Compared with the previous-generation ada-002 model it replaces, the version 3 family delivers measurably stronger results. OpenAI reports that on the MIRACL multilingual retrieval benchmark, the smaller version 3 model lifts the average score from 31.4% to 44.0% versus ada-002, while the English-focused MTEB average rises from 61.0% to 62.3%. Text Embedding 3 Large extends these gains further with higher-dimensional output.

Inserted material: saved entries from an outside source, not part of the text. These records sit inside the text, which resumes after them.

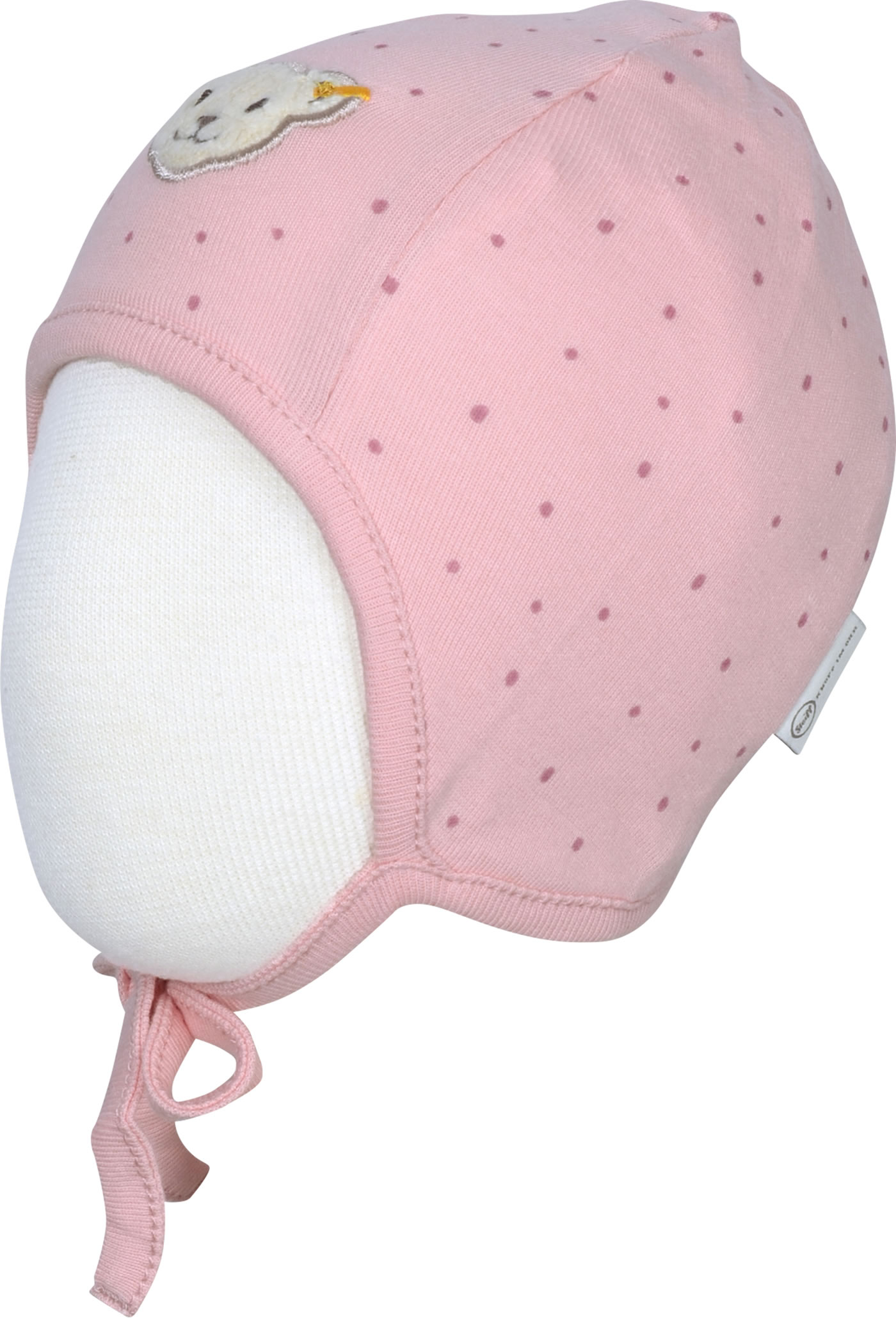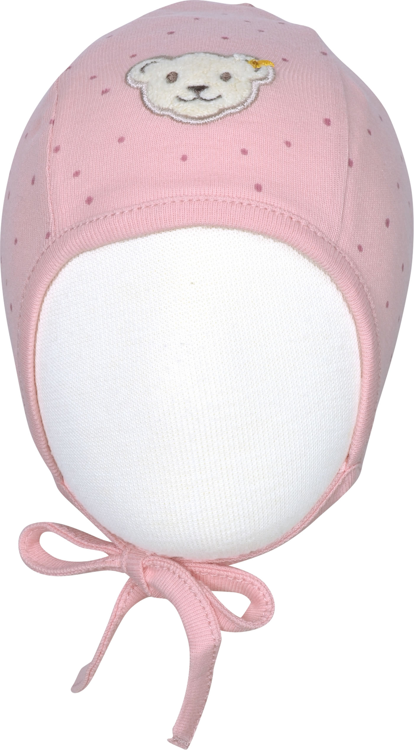 Doppellagige Jerseymütze von STEIFF aus der Baby Organic Just Dots-Kollektion. Die Vorderseite ziert der kleine STEIFF Bär. Das Bindeband sorgt für einen guten Halt.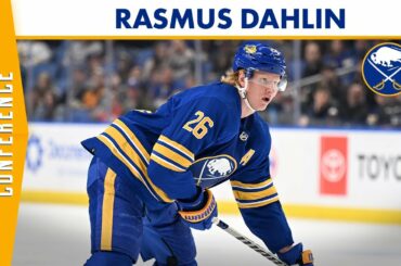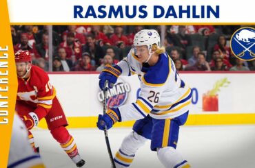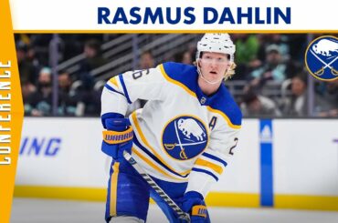 Le défenseur des Sabres de Buffalo, Rasmus Dahlin, s’est adressé aux médias après avoir battu les Flames de Calgary par…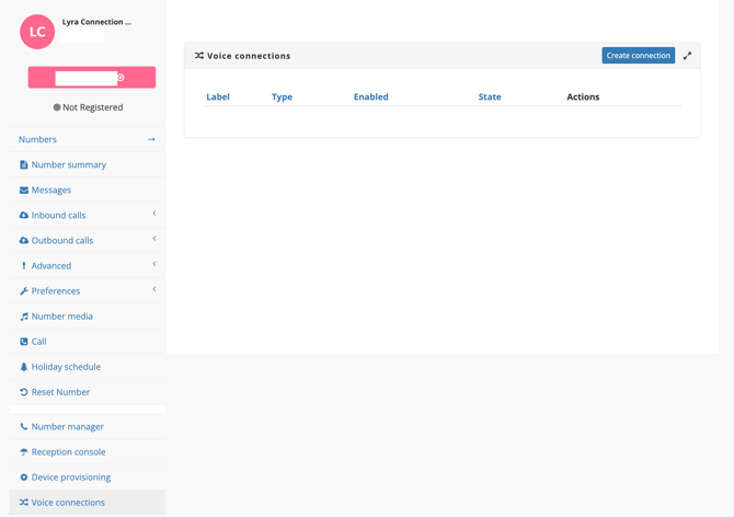 Voice Connections can be found in the left hand Cloud PBX menu. Click to bring up the Voice Connections management page.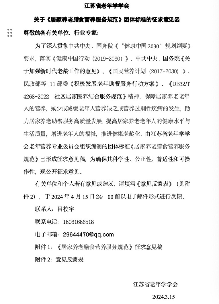 江蘇省老年學學會關于《居家養老膳食營養服務規范》團體標準的征求意見函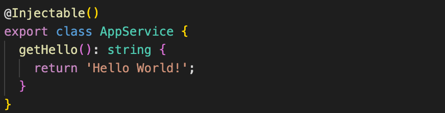 @Injectable() 데코레이터를 통해 AppService 를 Provider 로 만든 것이다.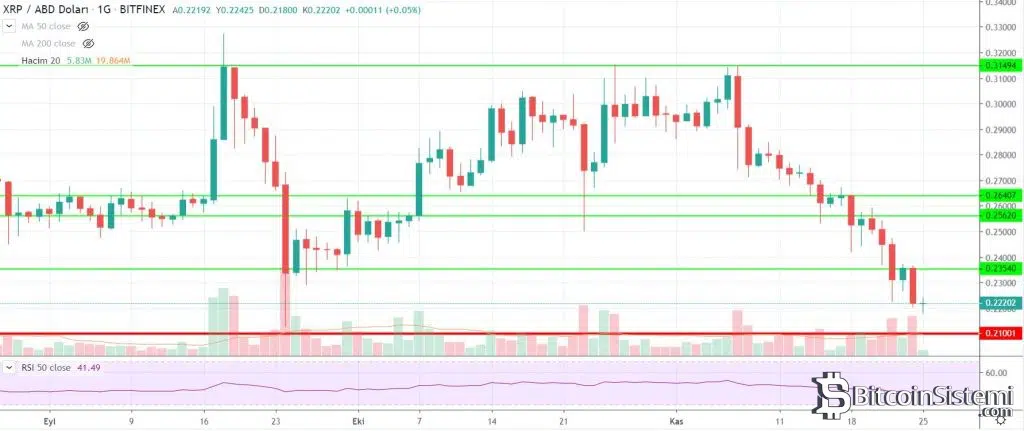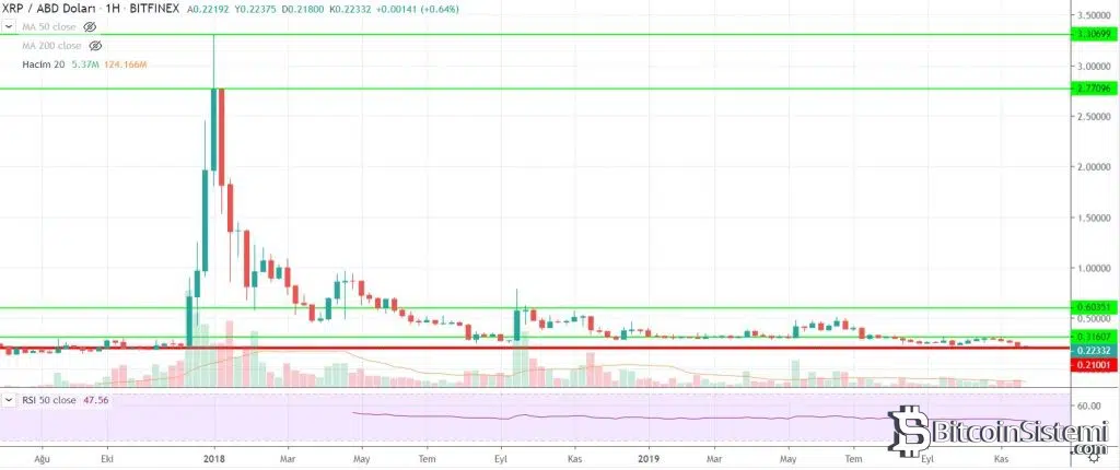 Son yılların en düşük fiyat seviyelerinde işlem gören XRP, 0,215 dolar desteğinde tutunmaya çalışıyor. Uzmanlara göre bu fiyat seviyesinin altına sarkılırsa rekor seviyede düşüşler görülebilir.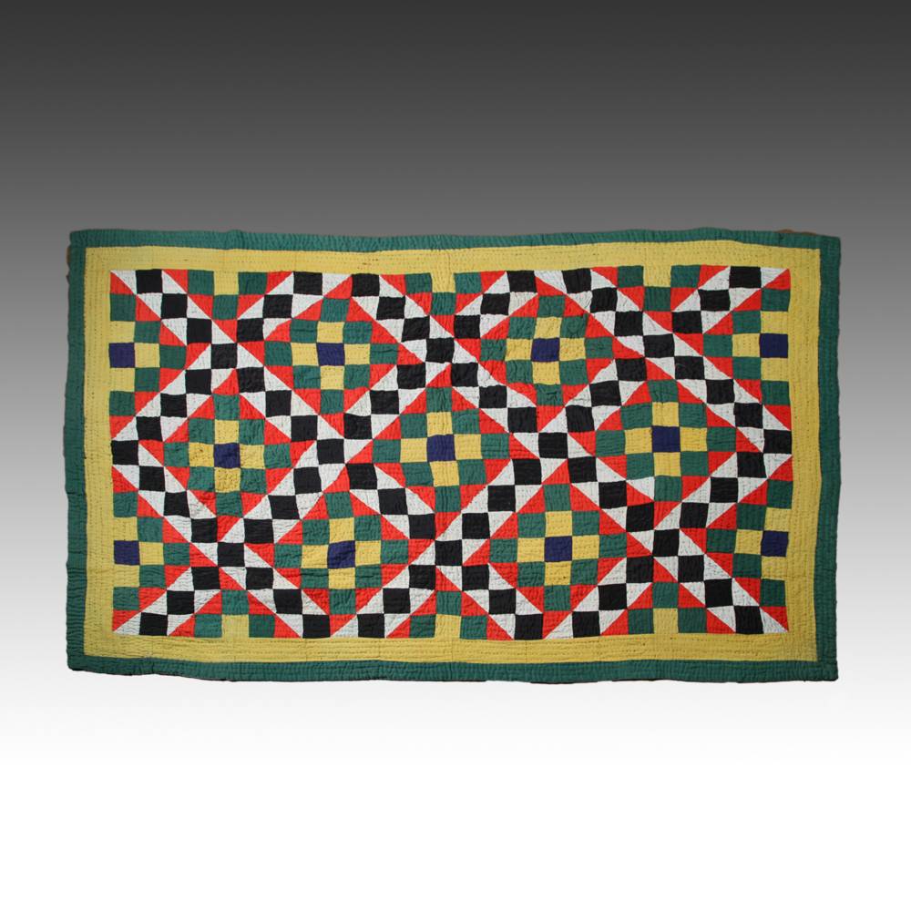 pieced and hand-quilted cotton and other fabrics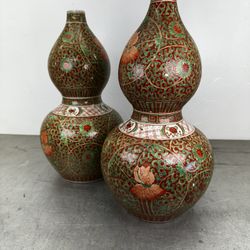 Pair Of Chinese Famille Rose Porcelain Garlic Gourd Shaped Vases Xuande Mark$800Concord, CA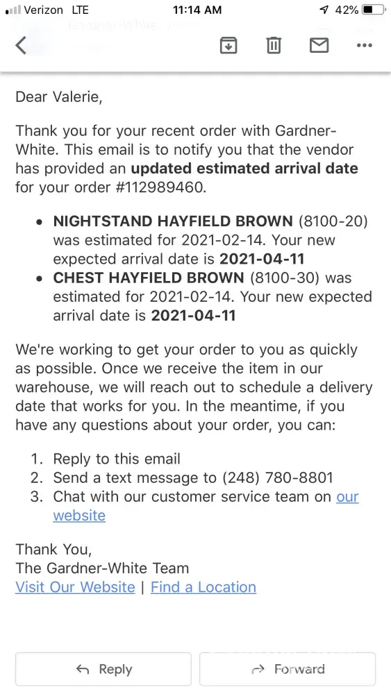 I'm sure if I continue to sit back and wait I'll eventually get my items, maybe April, or September, or maybe 2022... all while GW has happily accepted my payment in full 4 months ago with no real urgency to deliver and no refund options. Absolutely disgusted with Gardner White. Word of mouth goes a long way, they clearly don't care about the people who pay their salaries!
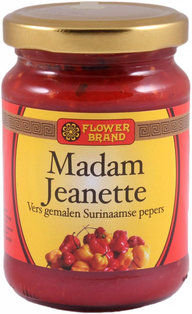 Flower Brand Madam Jeanette sambal 200 grams. Freshly ground Surinamese peppers, very hot!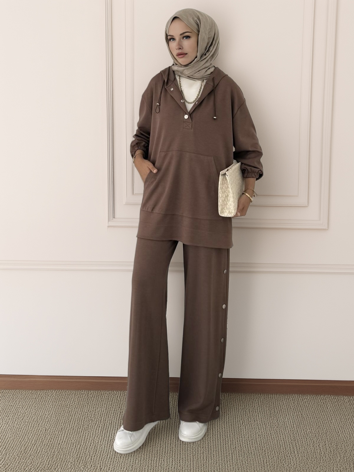 Hem günlük şıklıkta hem özel davetlerde rahatlıkla tercih edilebilecek bu takım, modern zarafeti geleneksel dokunuşlarla buluşturuyor.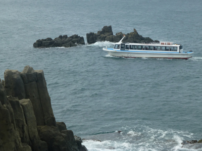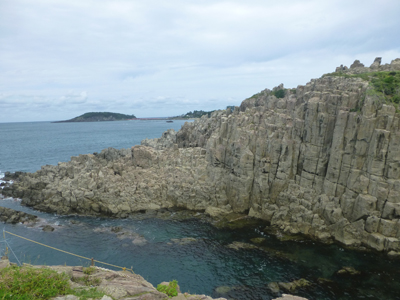 岩の上へ。直近でやってきたのは30年ほど前。久しぶりに見る。もっとも、サスペンスドラマのラストシーンなどで何度か見ている。船乗り場に下りる階段が見える。ロープも見えるが船をつなぐのだろう。岩場に上がって、風が強いことに気づいた。入江での接岸が難しいのだろう。 |

A notable architectural improvement is native dimension flexibility. Developers can pass a dimensions parameter to shorten embeddings without the vectors losing their concept-representing properties. OpenAI notes that, on MTEB, a Text Embedding 3 Large embedding shortened to 256 dimensions can still outperform an unshortened ada-002 embedding sized at 1536. This lets teams fit the model into vector stores limited to 1024 dimensions by trimming from the full 3072, balancing storage and accuracy.
This combination of higher baseline quality, multilingual coverage, and adjustable vector sizes makes Text Embedding 3 Large a versatile default for production retrieval systems, with the small sibling available when cost matters more than maximum accuracy.
This About section is AI-generated from public sources (Claude Opus 4.8), with no human editing. It may contain inaccuracies — verify critical details against the sources listed above.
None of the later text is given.